Exercise instructions ▸
Only the lines from the beginning of the entries through the one with "это не так." should be written out, please, exactly and without any pictures.

[Saved data entries]
|---|

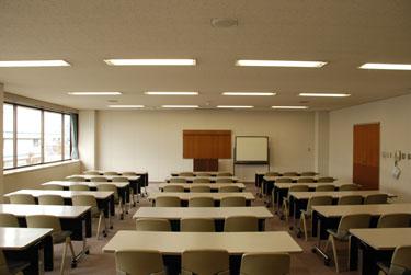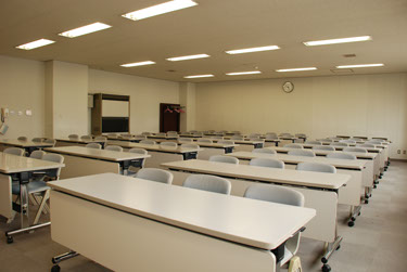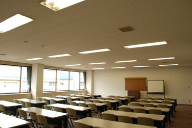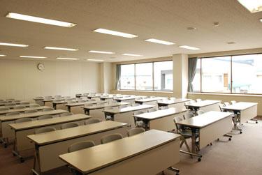 オフホワイトの色調に統一された、落ち着いた雰囲気の研修室です。最大72名程度を収容できる広さがありますので、ビジネススクール・会議・セミナー・歌会・展示会等、様々な用途でご利用が可能です。教壇や黒板も使用可能ですので、スクール的利用がマッチしそうです。
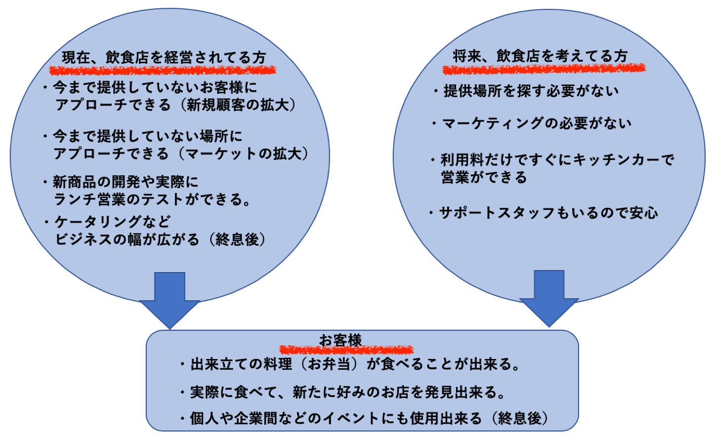 テイクアウトやデリバリーとは違い、料理のプロがその場で作る出来立ての美味しい料理や、お弁当を届けるサービスの仕組みを展開しようと考えています。
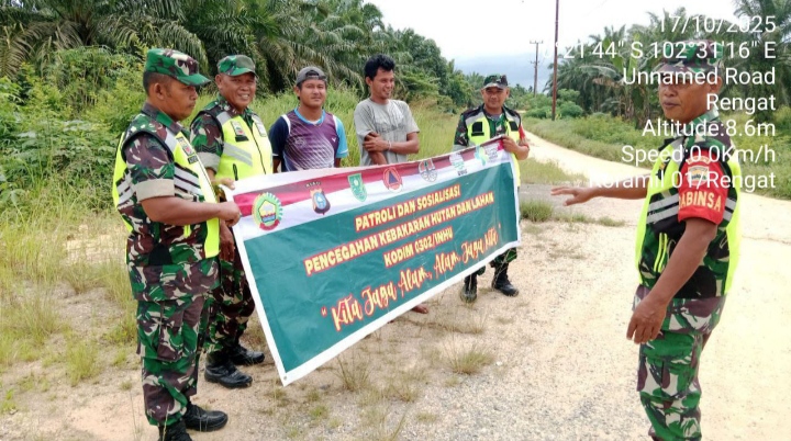 Seperti kegiatan yang dilakukan oleh Anggota Koramil 01/Rengat yang giat dan rutin melaksanakan patroli disertai sosialisasi Karhutla di wilayah Desa Kuantan Babu Kecamatan Rengat. Jumat 17/10/2025
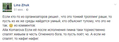 Lina Zhuk: "Если кто-то из организаторов решил , что это тонкий троллинг раши, то пусть из их же среды найдется умный, кто объяснит тупому, что это не так.
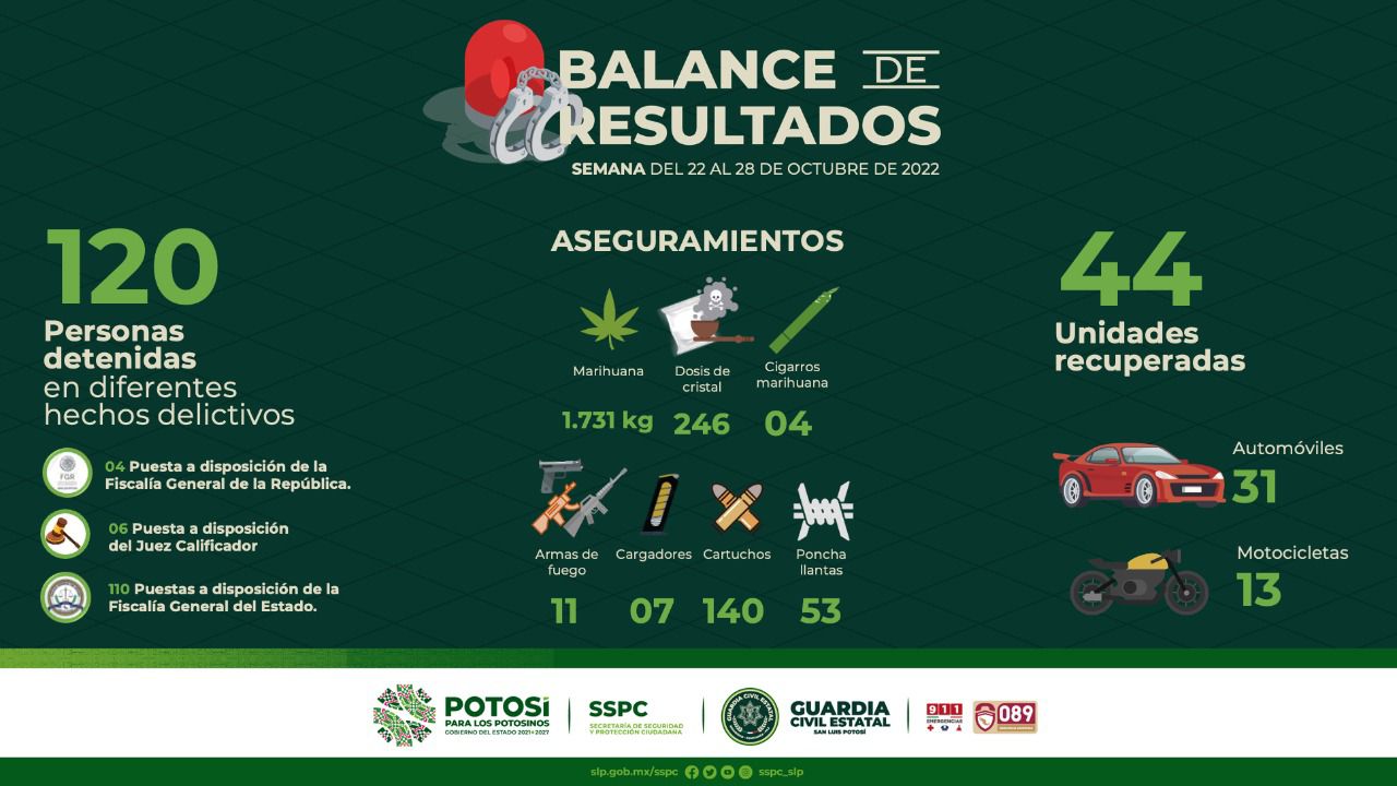 Derivado de la implementación del Plan Integral de Seguridad y sus estrategias en los 58 municipios de San Luis Potosí, para el combate frontal contra la delincuencia en todas sus modalidades, en el periodo comprendido del 22 al 28 de octubre del año en curso, 120 personas resultaron detenidas por la Guardia Civil Estatal, varias de ellas reincidentes y consideradas como objetivos criminales generadoras de violencia.
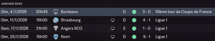 Bonne année 2026 ! Ca ne nous rajeunit pas ! Au programme de ce mois : la réception de Bordeaux en Coupe de France (les Girondins sont en L2 depuis deux ans) et trois matchs de Ligue 1. Programme cool donc, et début d’année civile assez légère avec des matchs contre Strasbourg, Angers et Niort.
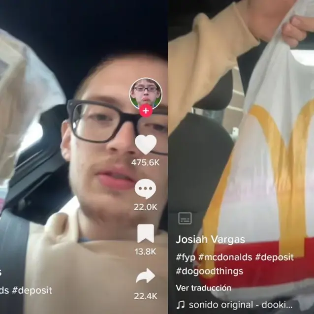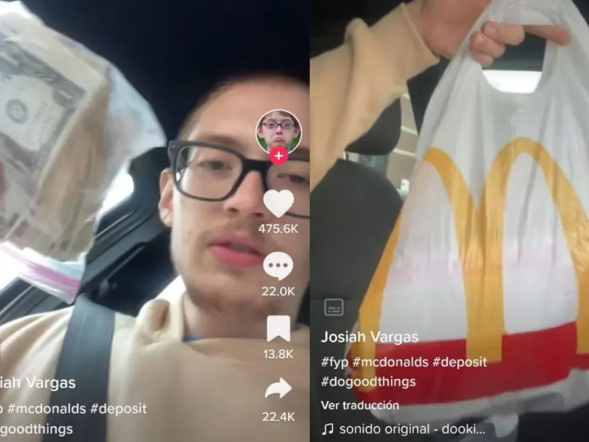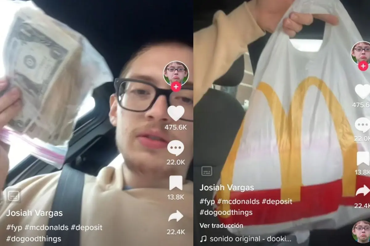 Se trata del usuario de TikTok Josiah Vargas, que usa el nombre de usuario @dookiedoeboy , quien contó que fue comprar un McMuffin en el autoservicio de la cadena de comida rápida, sin embargo, cuando recibió la bolsa en donde debería estar su paquete, se percató de que dentro había cientos de dólares.
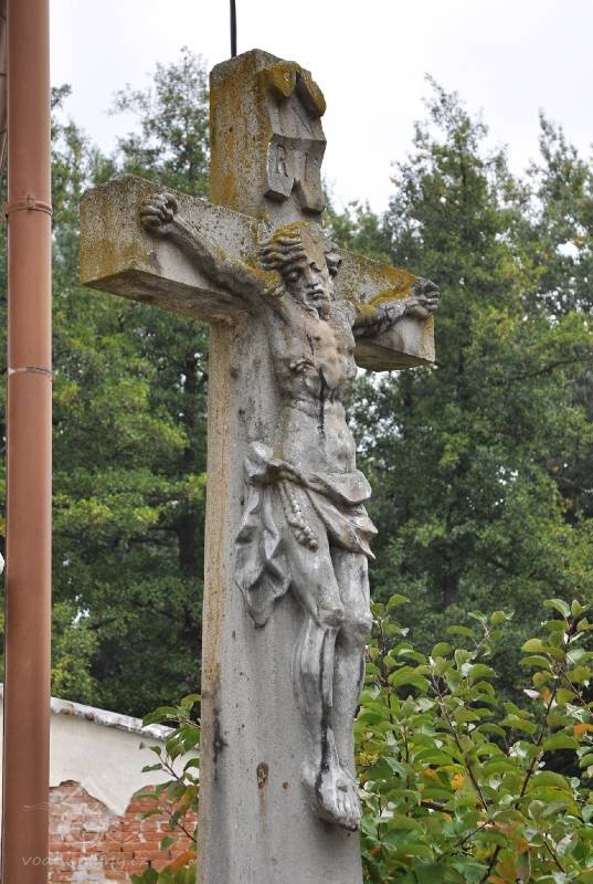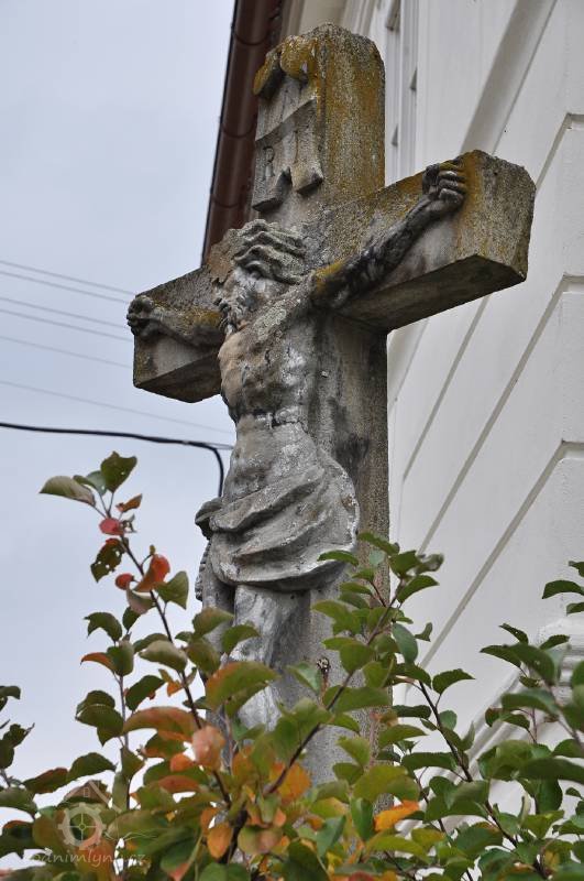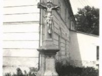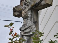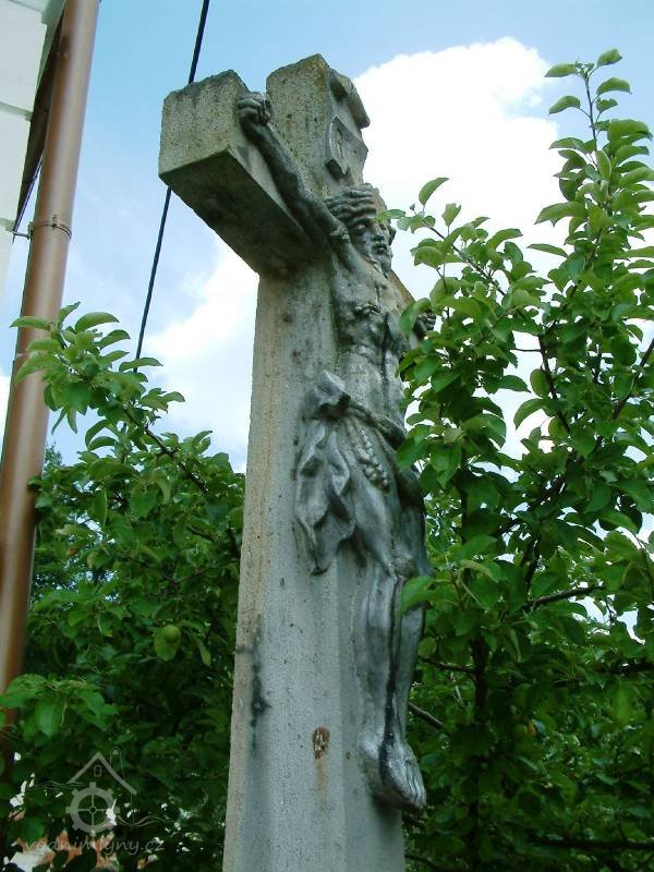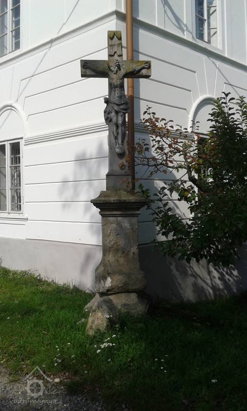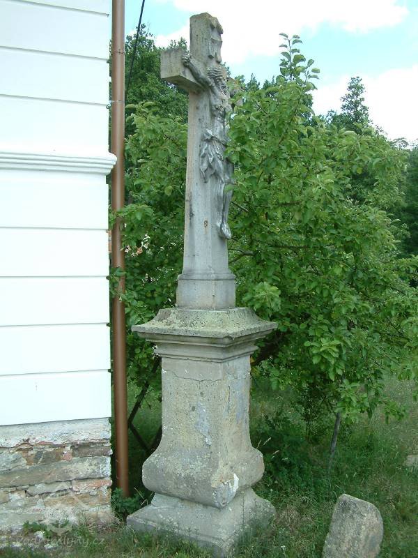 V rámu špatně čitelný minuskulní nápis. Sokl ukončen silně vyloženou profilovanou římsou,, na ní patka kříže, ukončena jednoduchou římsou. Masivní kříž s pravoúhle ukončenými rameny k horní části se zužující. Tělo Kista mírně prověšeno muskulatura těla zdůrazněna, bederní rouška svázána u pravého boku. Tvář skloněna k pravému rameni v tříčtvrtečním profilu. Nad hlavou nápisová blána

|---|

Response below ▸
 オフホワイトの色調に統一された、落ち着いた雰囲気の研修室です。最大72名程度を収容できる広さがありますので、ビジネススクール・会議・セミナー・歌会・展示会等、様々な用途でご利用が可能です。教壇や黒板も使用可能ですので、スクール的利用がマッチしそうです。
 テイクアウトやデリバリーとは違い、料理のプロがその場で作る出来立ての美味しい料理や、お弁当を届けるサービスの仕組みを展開しようと考えています。
 Seperti kegiatan yang dilakukan oleh Anggota Koramil 01/Rengat yang giat dan rutin melaksanakan patroli disertai sosialisasi Karhutla di wilayah Desa Kuantan Babu Kecamatan Rengat. Jumat 17/10/2025
 Lina Zhuk: "Если кто-то из организаторов решил , что это тонкий троллинг раши, то пусть из их же среды найдется умный, кто объяснит тупому, что это не так.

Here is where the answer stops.